Genome-wide SNP genotyping reveals hidden population structure of an acroporid species at a subtropical coral island: Implications for coral restoration

It is essential to consider genetic composition for both conventional coral restoration management and for expanding new interventions to counter the significant global decline in living corals. Population genetic structure at fine spatial scale should be carefully evaluated before implementing strategies to achieve self-sustaining ecosystems via coral restoration. Here, we investigated the population genetic structure of two acroporid species at Kume Island, Okinawa, Japan. 140 colonies of Acropora digitifera from 7 study sites, and 81 colonies of Acropora tenuis from 6 sites were collected. We obtained 384 SNP loci for A. digitifera and 470 SNPs for A. tenuis using a comparatively economical technique, Multiplexed ISSR Genotyping by sequencing (MIG-seq). Observed heterozygosity was significantly lower than expected heterozygosity at all SNP sites in both acroporid species, suggesting deficient genetic diversity possibly caused by past massive coral bleaching. Even though both species are broadcast spawners, we found different population structure in the two species. No detectable structure was evident in A. digitifera, but two distinct clades were found in A. tenuis. The genetic homogeneity of A. digitifera at Kume Island suggests that this species could be used as focal species for active restoration in terms of genetic differentiation at this island. On the other hand, A. tenuis unexpectedly included two distinct clades with no or little admixture within a small spatial study area, possibly representing two reproductively isolated cryptic species. Thus, when using A. tenuis, it would be prudent to avoid disturbing genetic composition of wild populations until this question is answered.
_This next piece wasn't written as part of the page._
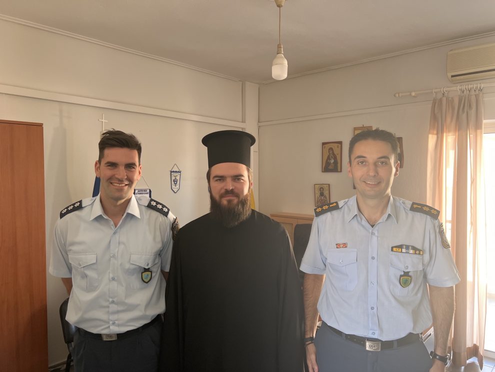 Ευλόγησε το αστυνομικό και πολιτικό προσωπικό και είχε ιδιαίτερη συνάντηση με τον νέο Υποδιευθυντή της Α.Δ. Αθανάσιο Καππά και τον νέο διοικητή της Τροχαίας Κώστα Κωστακόπουλο, στους οποίους και ευχήθηκε καλή επιτυχία στα καθήκοντά τους.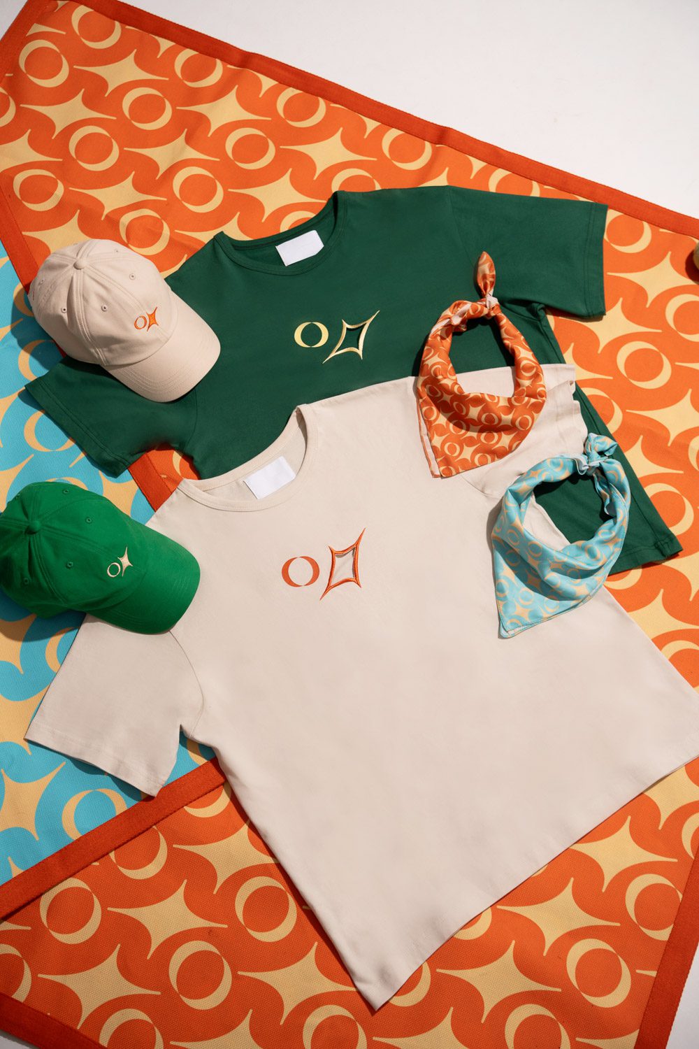 โมโนแกรมของโปรเจกต์ collaboration นี้ถูกออกแบบใหม่จากการรวมตัวของสัญลักษณ์ ‘( )’ ของ The Society และลวดลาย ‘flare’ เอกลักษณ์ของแบรนด์ ซึ่งปรากฏทั้งในเวอร์ชันลายพิมพ์และลายฉลุพิเศษบนหมวก เสื้อยืด ผ้าพันคอ ไปจนถึงเสื่อ การฉลุทำให้ได้เครื่องสวมใส่ที่มีการระบายอากาศเหมาะกับหน้าร้อนของไทย และยังทำให้เกิดความเปิดเผยที่ยังปกปิดบนเนื้อผ้า เพิ่มพูนสเน่ห์ของหน้าร้อนด้วยจริตที่มีชั้นเชิง อีกทั้งแฝงด้วยกลิ่นอายและภาพของเมืองติดทะเล ที่ที่แสงแดดตกกระทบน้ำทะเลสะท้อนเปล่งประกายวาววับจับตา

无论是传统珊瑚礁恢复管理，还是拓展新型干预手段以应对全球活珊瑚的显著衰退，遗传组成的考量都至关重要。在实施通过珊瑚恢复实现自我维持生态系统的策略前，需仔细评估精细空间尺度下的种群遗传结构。本文研究了日本冲绳久米岛两种鹿角珊瑚科（acroporid）物种的种群遗传结构。我们收集了来自7个研究点的140个指状鹿角珊瑚（Acropora digitifera）群体，以及6个研究点的81个柔枝鹿角珊瑚（Acropora tenuis）群体。采用相对经济的多重ISSR测序基因分型技术（Multiplexed ISSR Genotyping by sequencing，MIG-seq），我们获得了指状鹿角珊瑚的384个单核苷酸多态性（SNP）位点，以及柔枝鹿角珊瑚的470个SNP位点。两种鹿角珊瑚科物种在所有SNP位点的观测杂合度均显著低于期望杂合度，这表明其遗传多样性不足，可能由过去大规模珊瑚白化所致。尽管两种物种均为广布产卵者（broadcast spawners），但它们的种群结构存在差异：指状鹿角珊瑚未表现出可检测的种群结构，而柔枝鹿角珊瑚则存在两个明显分支。久米岛指状鹿角珊瑚的遗传均一性表明，就该岛的遗传分化而言，该物种可作为主动恢复的核心物种。另一方面，在狭小的空间研究区域内，柔枝鹿角珊瑚意外地包含两个几乎无基因交流的明显分支，这可能代表两个生殖隔离的隐存种。因此，在该问题得到解答前，使用柔枝鹿角珊瑚进行恢复时，需谨慎避免干扰野生种群的遗传组成。